My Motivation To Realize Myself In Painting
When I was in 4th grade I was put into a hostel far away from home. I would spend my days crying, counting the number of days left for me to fly back to my house. I was nine years old at that time, for the first time given a brush in my hand and asked to draw anything that I wished to on a piece of white cloth. It was the first time I had stopped thinking of what I was missing at home and instead focused on what to draw. I expected my hand to have drawn a few happy faces under a roof, a plane floating in the sky or perhaps a sad me dreaming of happiness. I looked down on to the cloth spread across the floor to see a huge fish making its way through the water. I spent all my other classes working on this piece having no idea what I was doing or where I was going with it. A week later this cloth coated with layers of wax was being dipped into a huge bucket of water over and over again, and when it was hung to dry, I finally saw the product of all my week’s time. I saw beautiful patterns and lines and colours. This time, I saw more than just a fish swimming through water.

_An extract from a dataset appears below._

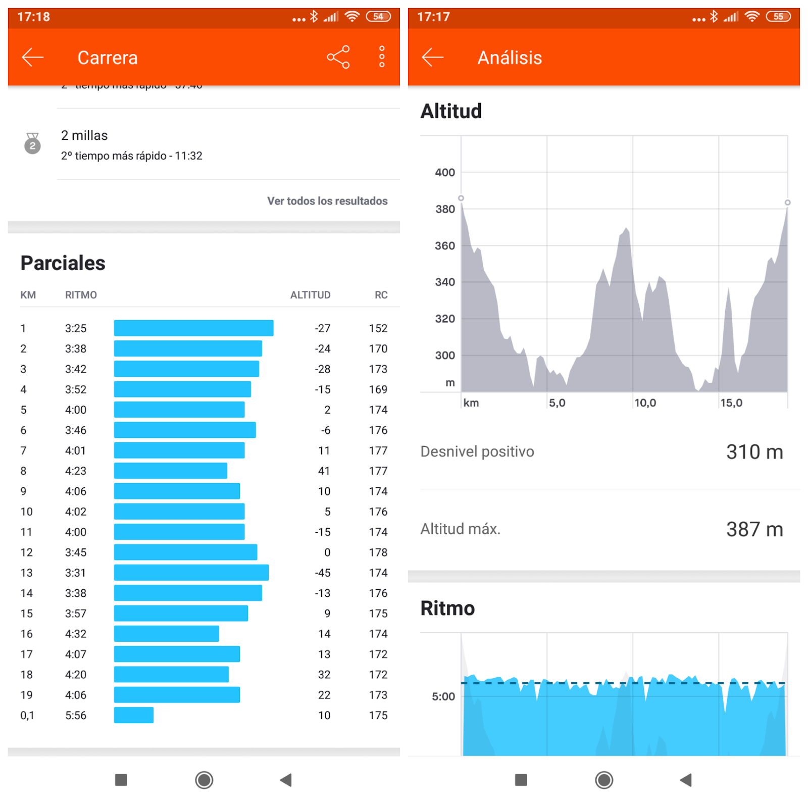 Paro el crono en 1hr15’50» , o lo que es lo mismo, a 3’57» el km, que me deja más que satisfecho!!!!.

Four years later I found a folded batik piece of a fish and a sketchbook hid in the back of my cupboard and wondered why I didn’t paint anymore. I started again from the beginning. From plants to buildings I wanted to paint everything, but somehow I couldn’t. I pushed myself till I could think on my own, till ideas began to come floating into my mind. Soon it did. However, this time, insecurity struck me. Do i show others what I do? Will they like it? They would have seen better! They will criticise me or worse judge me. It took me time to realise that it did not matter. It did not matter what others would think because I loved what I did. Even if it was for just a moment, even if I would get better the next time I did something, I loved what I did at the moment. This time, I promised I would never stop.

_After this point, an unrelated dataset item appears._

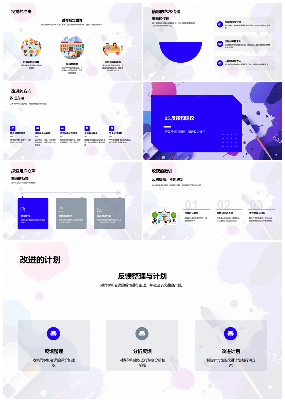 艺术答辩作品创作背景灵感过程工具材料评价视觉信息PPT模板推荐
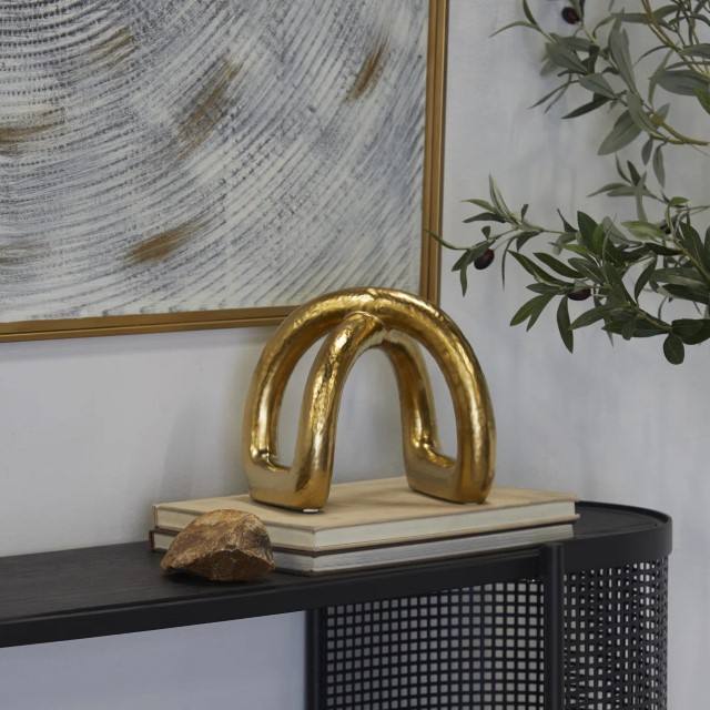 Sculpture de chaîne en porcelaine dorée Sculpture décorative de table en accent d'art moderne Sculpture dorée pour la décoration intérieure Sculpture polie moderne

I have seen many people of my age who have great artistic talents and I show much admiration for them, but painting for me is more than just knowing how to hold a brush or which colours to mix to get prussian blue. There is something more to it that is not easy to understand or to put into words. I know there is something in me waiting to be tapped. Studying art in college, I believe would do so. I have never been trained or ‘taught’ much about art. I have completed my tests on it through self-learning. I continuously experiment with brush and acrylic and have had some opportunities to try other mediums such as watercolours, soft pastels and pencils. I have been wanting and am very much eager to learn various other techniques. For my final project in school I have included works of collage, pot painting and sculpture. I often contribute to activities in school by participating in competitions in school and other occasions. I designed the cover page of the invites for Kalotsav 2018, our annual day in school when parents and guests are invited to watch a series of programmes. I have designed and painted a mural beside the stage of our school inspired by the themes portrayed in Kalotsav 2018 and have designed the invite for the schools silver jubilee celebration inviting all its previous students. I have participated in a local arts competition to win first place for the theme of ‘save nature’. I often help my mother with her boutique by adding to her exhibitions colour with painted canvases, pots and other ideas.
For my love for movies and art, I have been wanting to be a part of the set making process in films. I find this to be something that would combine everything I find happiness in. However, I am ready to keep my options open and continue exploring as I find that equally important. My only wish is to do something I love.